Intel created the ultrabook laptop category last fall, in response to Apple's Macbook Air and to the casual computing afforded by tablets. Intel wants ultrabooks, which emphasize slim design and long battery life over raw performance, to account for 40 percent of the laptop market by the end of this year.
To get there, prices will have to fall well below the $1,000 price point that Intel initially targeted. Eden promised that the cost of ultrabooks will drop this year, but didn't give any specifics. However, Lenovo, which has already shown off some of its ultrabooks at CES, is targeting $700 with one of its models, the U310.
Intel is also adding new features to ultrabooks in hopes of making them more desirable than other thin and light laptops. In one demonstration, an Intel employee booked a hotel room on a concept PC by pressing a MasterCard against the touch pad. The feature, which will work only on the user's own PC, uses near-field communications technology, and will appear in future ultrabooks as a way to make secure payments on the Web.
Natural input methods, such as touch and voice, will eventually play a role in ultrabooks as well. In addition to a standard clamshell laptop with a touch screen, Intel also showed a concept laptop with a dual-sided transparent touch screen instead of a track pad, called Nikiski. When the laptop is closed, the screen shows e-mail, appointments and other important information through the underside of the laptop, using Microsoft's Metro interface. When open, the touch screen functions as a wide trackpad with palm detection.
Other concepts included a motion-sensing camera, similar to Microsoft's Kinect, a sliding tablet-laptop hybrid that resembled Asus' Eee Pad Slider, and a laptop with a gyroscope for tilt-based gaming.
Perhaps as a response to Apple's Siri and the rise of voice commands, Intel brought the chief marketing officer of Nuance, Peter Mahoney, on-stage to announce a strategic partnership that will bring voice integration to ultrabooks. Intel didn't actually demonstrate any of this technology, however.
Intel did spend a small amount of time talking about performance, but the brief tech demos the company showed--a 3D racing game, a wooden bridge blowing up with physics calculations for each piece of lumber, and a smoothly animated model of a 3D troll--only underscored how ultrabooks aren't cut out for high-end gaming. We didn't see any high-end shooters running on these low-powered laptops, for instance.
Intel's next computing platform, Ivy Bridge, had only a muted appearance at the press conference. Although some Ivy Bridge ultrabooks will launch this spring, the mainstream push will happen during the back-to-school season. The slew of near-finished ultrabooks on display run Intel's second-generation Core processors, based on Sandy Bridge.

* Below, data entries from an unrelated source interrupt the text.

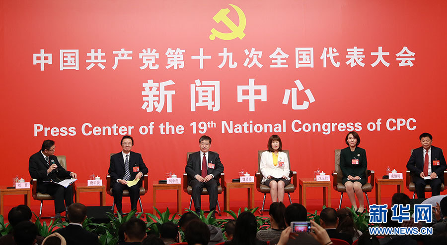 10月21日,十九大新闻中心举办集体采访活动,主题为“农业科技创新”。图为集体采访活动现场。新华网 郝广鹏摄
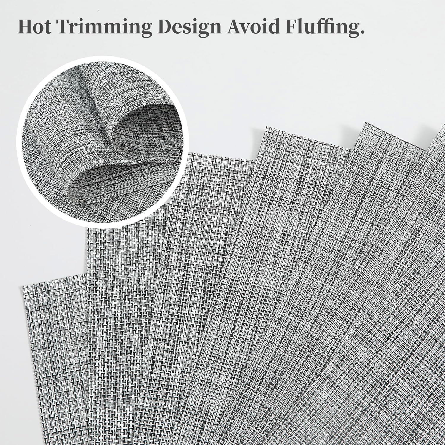 Leetaltree Linen Grey Placemats Set of 4 - Heat Resistant Non-Slip Place mats for Dining Table, Washable Durable PVC Vinyl Woven Table Mats(Linen Grey, 4)
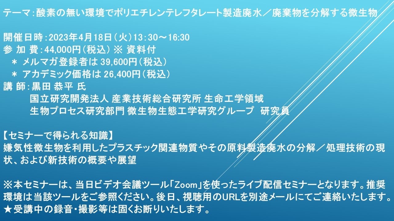 【ライブ配信セミナー】酸素の無い環境でポリエチレンテレフタレート製造廃水/廃棄物を分解する微生物 4月18日(火)開催 主催:(株)シーエムシー・リサーチ
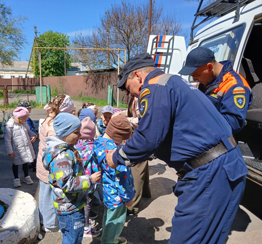 Профессия «спасатель» опасная, но очень важная! Чтобы познакомить ребят группы «Ягодки» с этой профессией, я обратилась за помощью к папе моей воспитанницы Ангелины Кулаковой. К нам в детский сад прибыли спасатели. Наши гости рассказали о важности своей профессии. Ребята с интересом рассматривали атрибуты, которые они используют в своей работе: домкраты, крепежи, аптечка первой медицинской помощи, огнетушители и спасательный круг. Дошколята хором назвали номер службу спасения 112. Затем каждый из них примерил костюм спасателя и шлем. А сколько было восторга у детей, когда они заливали водой воображаемый огонь. Также Виктор Сергеевич и Богдан Сергеевич дали полезные советы малышам, как вести себя на море и реке во время отдыха с родителями. В конце этой встречи каждому ребенку гости вручили значок «Юный спасатель».
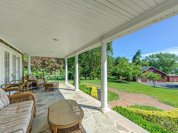 ''GENTLEMAN'S HORSE FARM'' sits on over 4 sprawling acres of meticulously manicured grounds. Prestine 5 bedroom, 3.5 bath home features decorative moldings, cathedral ceilings and a finished basement with a wine cellar. Finished 3rd floor attic space makes a great rec room, in-law quarters or 5th bedroom with walk in cedar closet. Breathtaking backyard features a heated Anthony Sylvan Oasis Pool with waterfall. Entertain out of the spacious pool house fully equipped with kitchen, bar and bathroom. Property offers a 4-5 stall barn with Tack room, 2 paddocks with newer fence, 2 run in sheds and chicken coop. This estate has it all and more! Must see this true COLTS NECK GEM!
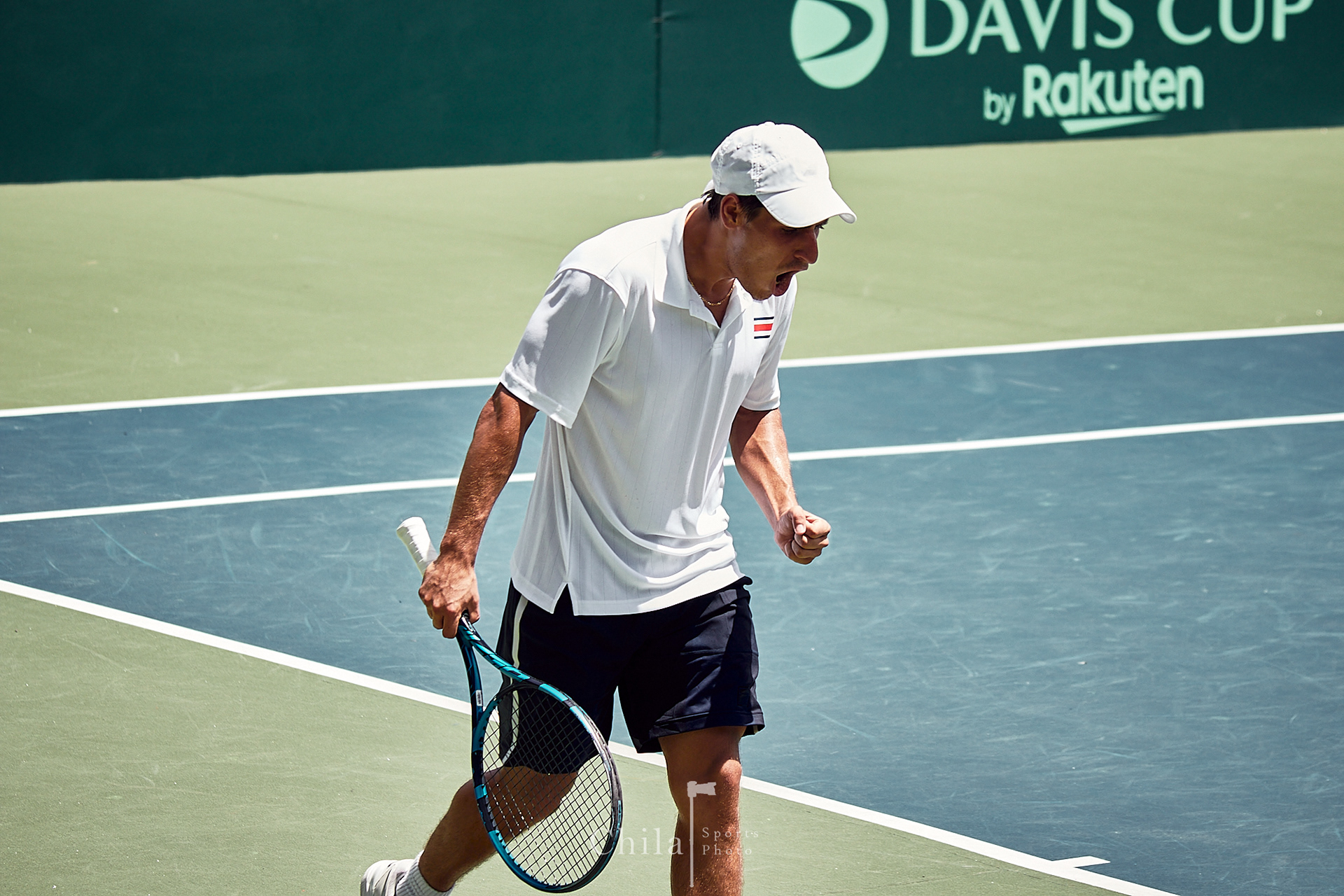 Jessie Flores (CRC) celebra el gane en dobles que lo mantienen en el Grupo III
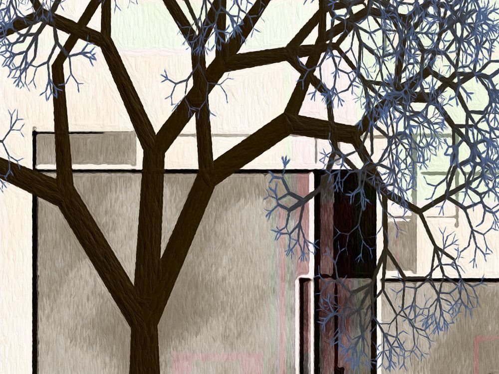 Au premier plan, un arbre est minimalement rendu dans une teinte bleue.
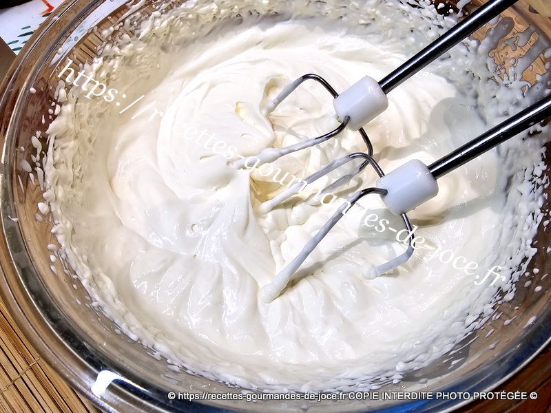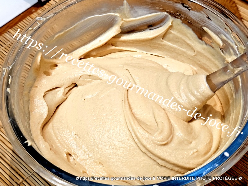 Bien mélanger puis l’ajouter à la première préparation, fouetter à nouveau de temps de bien tout mélanger. Réserver.
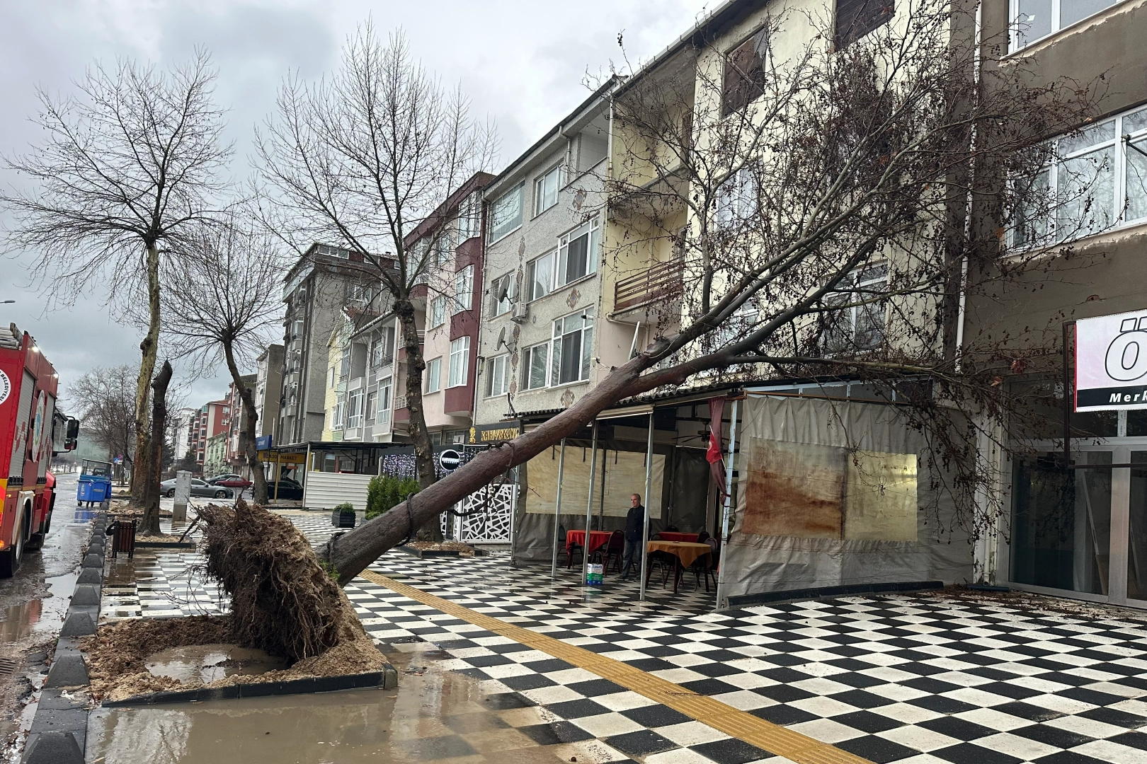 Muradiye Mahallesi Mustafa Kemal Caddesi üzerinde kökünden sökülen ağaç, bir kahvehanenin çatısının üzerine devrildi. Ağacın dalları da binadaki evlerin camlarına çarptı. Çevrede kısa süreli tedirginlik yaşanırken, ihbar üzerine bölgeye itfaiye ekipleri sevk edildi. Ekipler, çevrede güvenlik önlemi alarak, devrilen ağacın kaldırılması için çalışma başlattı. Olayda herhangi bir can kaybı ya da yaralanma yaşanmadığı öğrenildi.
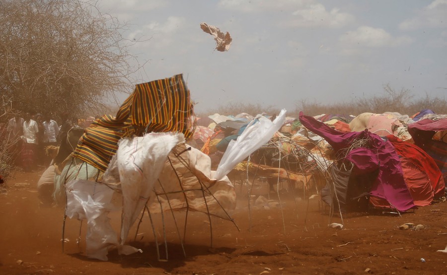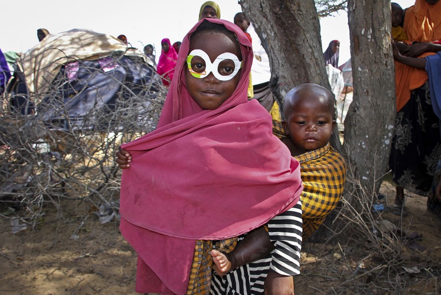 Read moreA young Somali girl who was displaced by the drought wears a pair of mock spectacles cut out from a cardboard box of antibiotics medicine as a joke, as she carries her brother around a camp just outside of Mogadishu, Somalia on March 28, 2017. Somalia's drought is threatening 3 million lives according to the U.N. and in recent months aid agencies have been scaling up their efforts but say more support is urgently needed to prevent the crisis from worsening. #
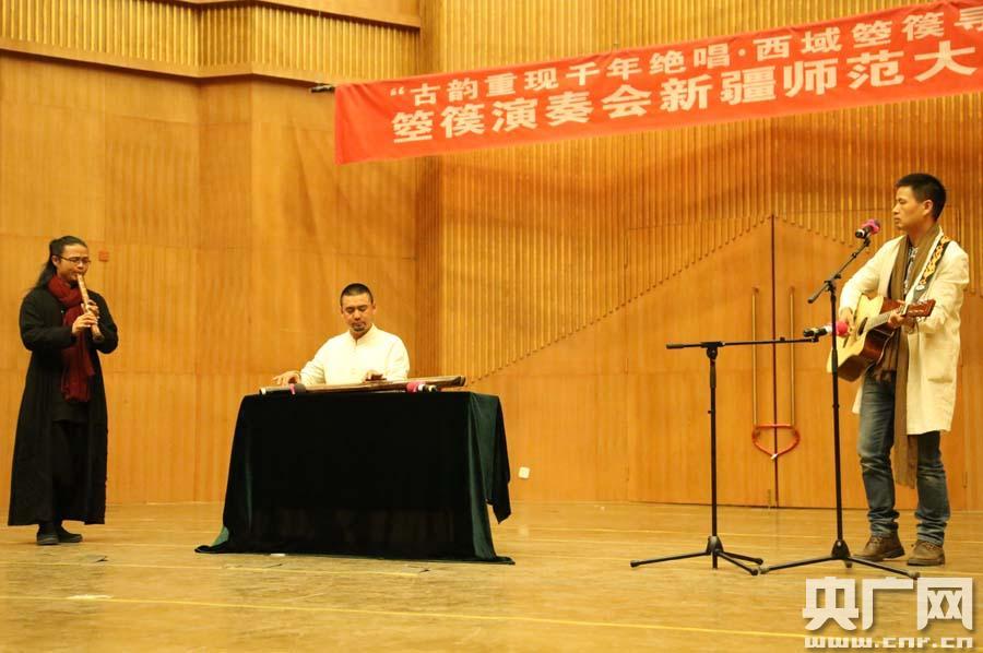 新疆且末箜篌演奏會走進新疆師范大學音樂廳(央廣網(wǎng)記者 張雷 攝)

Over the next few months, Intel is planning a big marketing push to turn mainstream consumers on to ultrabooks. Kevin Sellers, Intel's sales and marketing vice president, said this will be Intel's most significant advertising campaign since the launch of Centrino processors in 2003. The company is pitching ultrabooks as "a new era of computing," and while some may argue that tablets better deserve the title, you can't argue that thin, light and long-lasting computers have become more desirable to mainstream users than large laptops with beefy tech specs.